(TASK STATEMENT) Where a line in the records below contains the string "that", tally it; give only the final number.

(Records from a data source)

┌────────

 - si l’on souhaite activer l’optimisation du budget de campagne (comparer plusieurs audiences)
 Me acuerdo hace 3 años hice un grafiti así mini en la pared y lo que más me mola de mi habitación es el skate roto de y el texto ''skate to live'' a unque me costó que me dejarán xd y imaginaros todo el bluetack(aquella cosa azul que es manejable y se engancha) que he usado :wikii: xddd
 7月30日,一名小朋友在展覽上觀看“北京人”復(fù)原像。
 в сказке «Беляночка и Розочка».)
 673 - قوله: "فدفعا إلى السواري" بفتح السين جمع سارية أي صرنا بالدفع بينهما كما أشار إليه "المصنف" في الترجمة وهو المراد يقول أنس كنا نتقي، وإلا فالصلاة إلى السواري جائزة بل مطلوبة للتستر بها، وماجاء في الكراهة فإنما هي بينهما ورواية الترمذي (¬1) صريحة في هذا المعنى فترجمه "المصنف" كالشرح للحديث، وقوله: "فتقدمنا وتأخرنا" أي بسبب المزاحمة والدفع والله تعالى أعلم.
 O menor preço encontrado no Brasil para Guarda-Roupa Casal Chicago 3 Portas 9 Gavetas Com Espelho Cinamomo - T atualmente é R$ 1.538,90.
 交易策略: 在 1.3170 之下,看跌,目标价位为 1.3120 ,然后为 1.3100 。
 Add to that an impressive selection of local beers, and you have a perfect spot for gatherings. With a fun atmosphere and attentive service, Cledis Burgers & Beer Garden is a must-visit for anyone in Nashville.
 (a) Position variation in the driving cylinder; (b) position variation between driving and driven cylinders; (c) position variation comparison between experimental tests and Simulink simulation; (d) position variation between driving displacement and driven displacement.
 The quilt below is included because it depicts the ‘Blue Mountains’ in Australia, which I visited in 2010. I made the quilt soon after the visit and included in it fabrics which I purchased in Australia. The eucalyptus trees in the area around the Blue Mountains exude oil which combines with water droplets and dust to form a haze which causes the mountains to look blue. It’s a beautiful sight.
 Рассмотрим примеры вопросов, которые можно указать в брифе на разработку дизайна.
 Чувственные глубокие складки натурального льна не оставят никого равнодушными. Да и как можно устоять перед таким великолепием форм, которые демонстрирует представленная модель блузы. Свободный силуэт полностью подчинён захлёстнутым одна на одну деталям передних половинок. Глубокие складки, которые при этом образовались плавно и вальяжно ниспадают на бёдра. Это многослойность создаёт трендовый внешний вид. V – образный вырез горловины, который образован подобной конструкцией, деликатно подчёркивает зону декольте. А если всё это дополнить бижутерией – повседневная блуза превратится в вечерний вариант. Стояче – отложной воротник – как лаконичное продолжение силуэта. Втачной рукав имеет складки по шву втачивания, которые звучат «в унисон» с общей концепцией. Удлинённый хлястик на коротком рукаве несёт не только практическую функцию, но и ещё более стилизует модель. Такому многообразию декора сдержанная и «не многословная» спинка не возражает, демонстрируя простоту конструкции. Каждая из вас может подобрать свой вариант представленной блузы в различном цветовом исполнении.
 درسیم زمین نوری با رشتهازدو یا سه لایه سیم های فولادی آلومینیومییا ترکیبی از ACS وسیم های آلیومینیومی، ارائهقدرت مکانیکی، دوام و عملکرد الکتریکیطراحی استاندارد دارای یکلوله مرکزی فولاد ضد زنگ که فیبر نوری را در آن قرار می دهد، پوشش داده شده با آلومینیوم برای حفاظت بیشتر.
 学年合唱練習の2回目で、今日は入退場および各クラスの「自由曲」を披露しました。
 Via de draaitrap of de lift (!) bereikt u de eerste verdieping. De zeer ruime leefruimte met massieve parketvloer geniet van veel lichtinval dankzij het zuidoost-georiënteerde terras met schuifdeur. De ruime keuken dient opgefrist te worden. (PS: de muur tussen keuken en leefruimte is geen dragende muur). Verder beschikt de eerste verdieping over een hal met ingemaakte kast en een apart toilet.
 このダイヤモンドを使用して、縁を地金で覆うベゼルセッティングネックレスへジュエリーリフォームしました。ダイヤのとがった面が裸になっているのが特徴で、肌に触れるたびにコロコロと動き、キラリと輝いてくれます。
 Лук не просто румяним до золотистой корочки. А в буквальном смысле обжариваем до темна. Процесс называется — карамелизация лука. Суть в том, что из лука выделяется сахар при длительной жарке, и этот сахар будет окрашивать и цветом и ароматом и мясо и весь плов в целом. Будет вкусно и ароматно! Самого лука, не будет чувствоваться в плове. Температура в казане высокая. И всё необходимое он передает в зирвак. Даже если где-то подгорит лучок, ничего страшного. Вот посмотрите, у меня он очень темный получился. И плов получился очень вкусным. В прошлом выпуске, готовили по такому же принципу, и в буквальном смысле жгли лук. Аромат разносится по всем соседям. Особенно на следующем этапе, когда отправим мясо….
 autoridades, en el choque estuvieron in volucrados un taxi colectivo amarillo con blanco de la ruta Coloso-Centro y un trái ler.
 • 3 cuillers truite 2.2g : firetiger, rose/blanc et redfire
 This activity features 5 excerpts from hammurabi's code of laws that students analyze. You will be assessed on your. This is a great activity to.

└────────

(RESULT FOR THIS EXERCISE) 2